The geospatial industry is certainly not excluded from the AI hype machine today. Given the massive and complex data sets that come into play with this industry, along with growing workforce challenges for the sector – both of which have been discussed at Geo Week News at length over the last year or two – it’s not hard to see the potential for AI in this space. We hear constant talk about how these systems can automate “tedious” tasks and leave the exciting and valuable work to the humans. Again, the potential value is clear, but are we really there yet? For that question today, I want to focus specifically on the hype versus current, real-world value of AI systems designed for point cloud analysis.
To be clear, I’m not planning on using this space to say that AI is essentially useless at this point and all of the hype is unfounded. That’s verifiably not the case, as there are numerous solutions available today that can indeed automate much of the process of point cloud analysis.

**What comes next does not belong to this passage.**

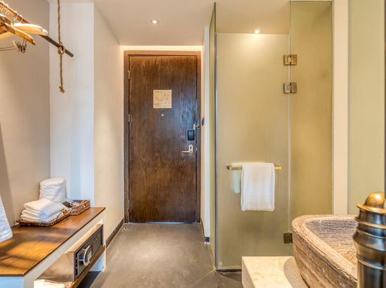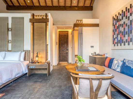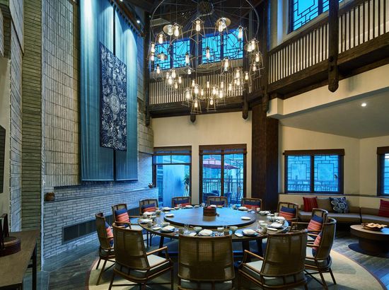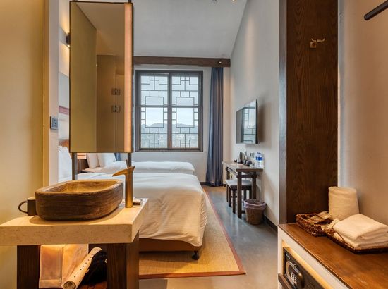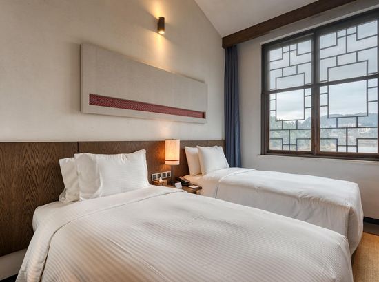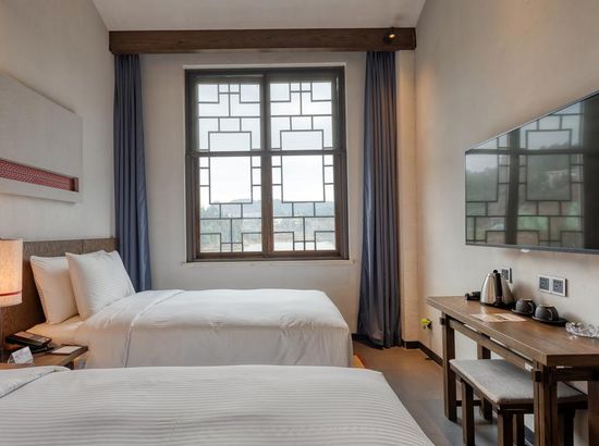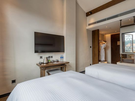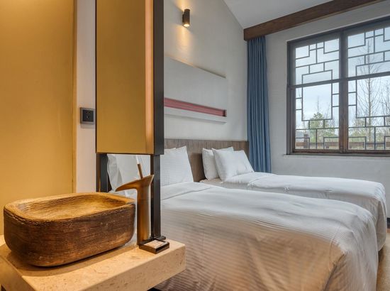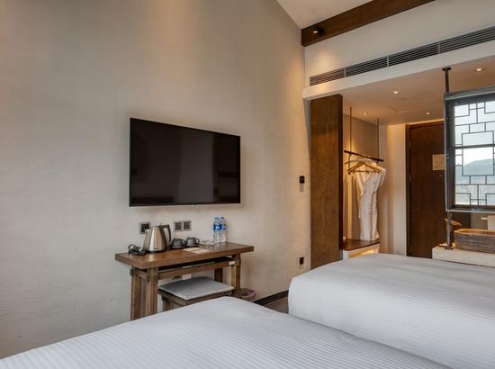 酒店简介 丹寨万达美华酒店,位于黔东南苗族侗族自治州的丹寨万达旅游小镇内(锦鸡广场旁),距离黔东南州首府凯里约50公里 (关联凯里南),黔南州首府都约60公里(关联都匀东)。2017年7月3日,酒店和丹寨万达小镇同步开业,酒店设计风格凝练了非物质文化遗产精华,包括当地的蜡染艺术、鸟笼文化、古法造纸、以及传承百年的锦鸡舞蹈元素,客房精致小巧的中式简约设计风格,把“扶贫”建设和科学设计巧妙结合,整体构思以“依山傍水观鱼舞,沿岸穿林听树涛”为设计理念,是一家将简约度假风格与苗寨村落形式相结合的设计师酒店。2018年和2019年酒店先后获得和入围德国IF Design Award“建筑与室内设计”、第十四届美国HD Awards“客房”和2019年英国SBID “酒店客房及套房设计Hotel Bedroom&Suites Design ”等世界设计大奖。丹寨万达美华酒店,位于黔东南苗族侗族自治州的丹寨万达旅游小镇内(锦鸡广场旁),距离黔东南州首府凯里约50公里 (关联凯里南),黔南州首府都约60公里(关联都匀东)。2017年7月3日,酒店和丹寨万达小镇同步开业,酒店设计风格凝练了非物质文化遗产精华,包括当地的蜡染艺术、鸟笼文化、古法造纸、以及传承百年的锦鸡舞蹈元素,客房精致小巧的中式简约设计风格,把“扶贫”建设和科学设计巧妙结合,整体构思以“依山傍水观鱼舞,沿岸穿林听树涛”为设计理念,是一家将简约度假风格与苗寨村落形式相结合的设计师酒店。2018年和2019年酒店先后获得和入围德国IF Design Award“建筑与室内设计”、第十四届美国HD Awards“客房”和2019年英国SBID “酒店客房及套房设计Hotel Bedroom&Suites Design ”等世界设计大奖。

Companies like Mach9 and Flai, just to name a couple, do just that and are trusted by their customers.
AI theoretically can, and in some cases objectively already does, classify point clouds autonomously, extract key features, create models based on point cloud data, and provide near real-time insights. There are already industries that are currently utilizing this type of AI for their work, too. We just wrote last week about how AI is being used in the utilities industry, along with mobile mapping, to transform how work is done in that sector, and others are writing about similar topics.

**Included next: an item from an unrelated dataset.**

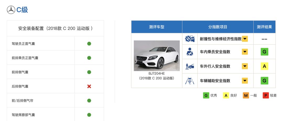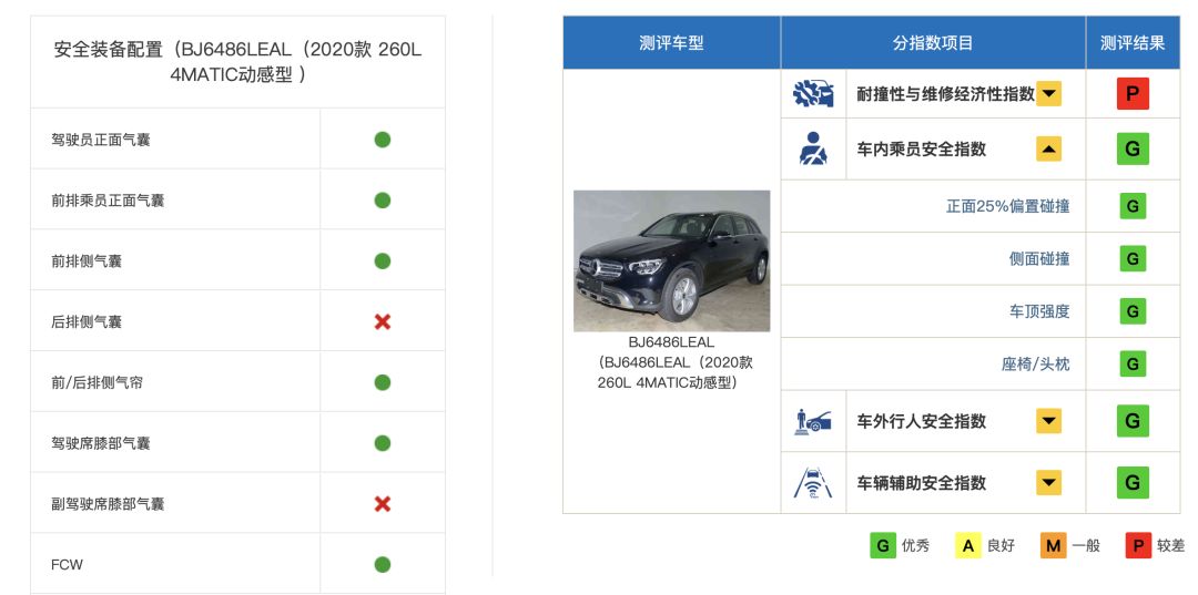 值得关注的是车内乘员安全指数。这也是众多车型在中保研的测试体系下铩羽而归的一项测试科目。而奔驰GLC在该项测试科目的考验下获得了全优评价,包括令众多车企闻风丧胆的正面25%偏置碰撞;以及常规的侧面碰撞和车顶强度、座椅/头枕测评结果均为优秀(G)。

That being said, there are some built-in challenges that still need to be solved for these tools to completely meet their potential. For one thing, it’s extremely difficult to train these models for every type of geography and sensor, meaning that the AI can have trouble with things like geographic features or architecture specific to certain areas if they haven’t been trained on that. This problem can be solved with more training data, but collecting that much data and then training a model on it is easier said than done.
And it’s not just collecting some lidar data for every area, because some models can also struggle with different types of sensors. Mobile mapping systems, tripod-based scanners, UAV-based scanners, and every other type all come with different noise profiles, densities, and even angles. Massive amounts of data from all of these sensors are required to properly train a model, and again it’s a daunting prospect to be able to train a model for all of these scenarios.

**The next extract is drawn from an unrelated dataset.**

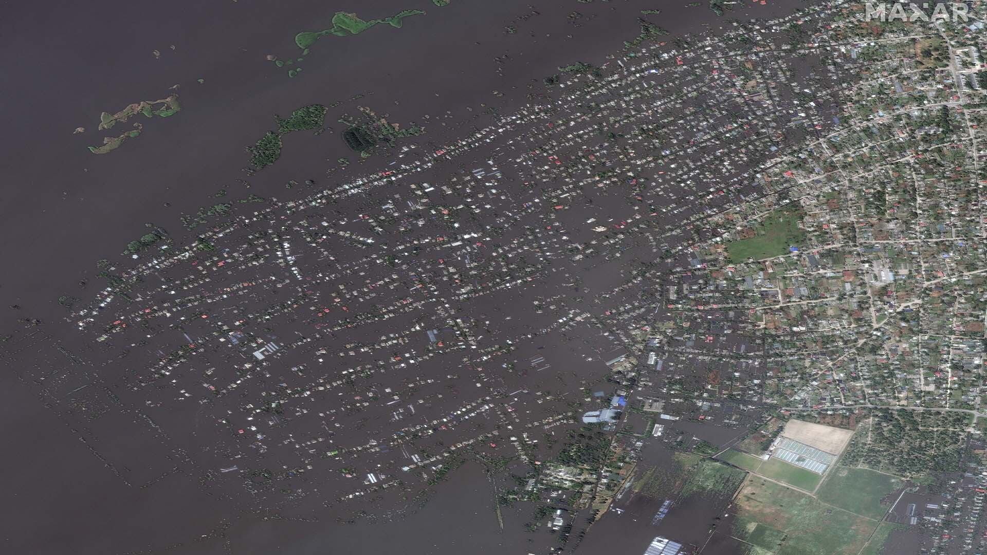 Des images exclusives du barrage ukrainien détruit et des villages environnants sous occupation russe montrent la structure en ruine tombant dans la rivière en crue et des centaines de maisons, de serres et même une église submergées ― sans aucun signe de vie.

Just speaking broadly, this is one of the challenges that comes with creating powerful AI tools for this industry: The data associated with geospatial workflows is extremely complex. For an organization that works with data from all across the world, the data is covering extremely diverse geography and urban areas. Even within countries, there are wholly different geographies and urban styles, to say nothing of international differences.
Looking beyond the training aspect of creating these models, there’s also how these tools work within a workflow. To be fair, this problem is already starting to be solved, but for this type of AI to truly take off, it needs to be integrated within existing solutions rather than being its own standalone solution. There is already “app fatigue” within this industry, and having to toggle between different applications to complete a project is a barrier some professionals just don’t want to deal with. To their credit, places like Esri, Autodesk, Bentley, and others are already quietly integrating machine learning into their solutions, and that’s a crucial step for mass adoption.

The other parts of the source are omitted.